3) Research, read, synthesize, understand. Research is time consuming, but awesome. For starters, it’s like the grown-up version of a treasure hunt. For seconders, it’s like getting paid to learn. How cool is that?
4) Outline and start writing. I know I’m ready to write when I can see the shape of the story in my head. It feels like that part happens all on its own.
5) Fill in the gaps. More research, but it’s quick, because now I know what I’m looking for.
6) Revise. This goes on until I’m convinced there’s nothing else I can do to make the manuscript better organized, easier to understand, or more fun to read. Usually 3-4 drafts does the trick.
Fiction, in comparison, is torturous, labyrinthine work, because you have to make it up, but it still has to make sense. And now you’re dealing not just with settings and ideas and action, but human emotion and behaviour. If all moving parts don’t want to fit together, fiction is a hair-pulling, despair-inducing nightmare of insecurity and self-loathing.
This is my fiction process:
1) Get an idea.
2) Get really excited about the idea. Start writing.
3) Realize that everything I’ve written is sewage and start over.
4) Decide to write smarter. Sit down and develop character profiles, a setting, and try to come up with some kind of plot outline. This can go on for months.
5) Write a complete first draft. Be overcome with joy in the act of creation.
6) Realize first draft is still sewage.
7) Roll up sleeves. Hack out offending passages and replace them with something better.
8) Realize second draft is sewage, it just smells slightly better.
9) Identify lingering problems with the manuscript.
10) Stare at offending passages.
11) Stare out the window, while possible solutions flit in and out of head.
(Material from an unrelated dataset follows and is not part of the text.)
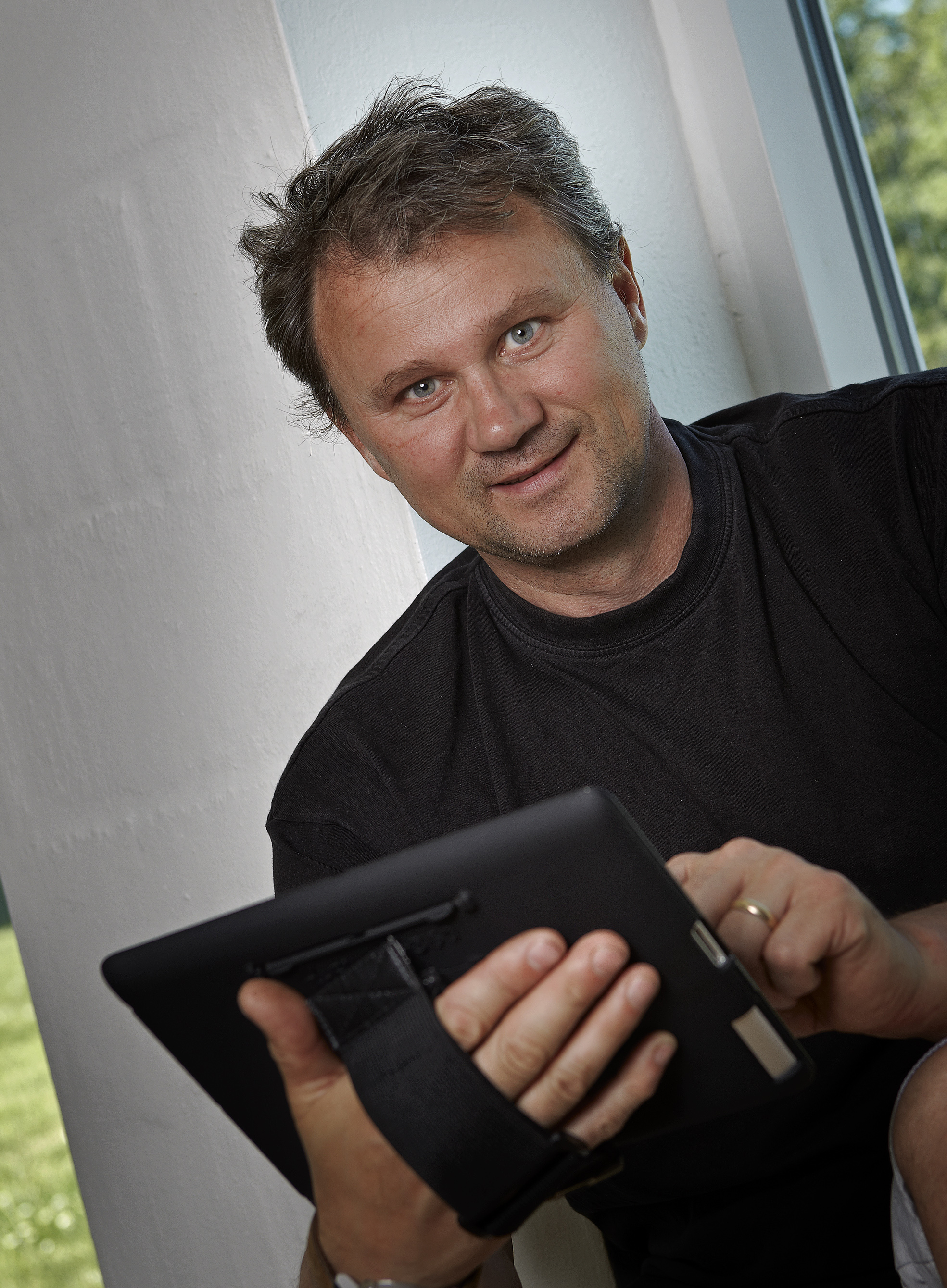 - Det fleksible cover med håndrem er en oplagt måde at beskytte iPad’en på. Samtidig gør cover og håndrem det muligt at bruge iPad’en på flere forskellige måder. Man kan f.eks. stille iPad’en fra sig på bordet, så den er skrivevenlig, eller rotere den efter behov i hånden. Når man er færdig med at bruge den, putter man den bare i den medfølgende pose. Så er den beskyttet i skoletasken, siger han.

File nails. Clean office. Stare out the window some more. Write three different opening sentences for the same paragraph before coming up with one that will allow a second sentence.
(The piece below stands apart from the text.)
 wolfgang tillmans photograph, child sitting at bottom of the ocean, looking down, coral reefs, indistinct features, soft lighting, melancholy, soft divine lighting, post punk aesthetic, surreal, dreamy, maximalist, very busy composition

12) Repeat through a dozen drafts.
13) Send out manuscript.
14) Stuff unsold manuscript in drawer for several years.
15) Remove manuscript from drawer, decide there might be a way to fix it after all, and go through another dozen drafts.
16) Write nonfiction so as to avoid feeling like a total literary failure.
17) Realize I’m still obsessed with telling that troublesome story and get it out again.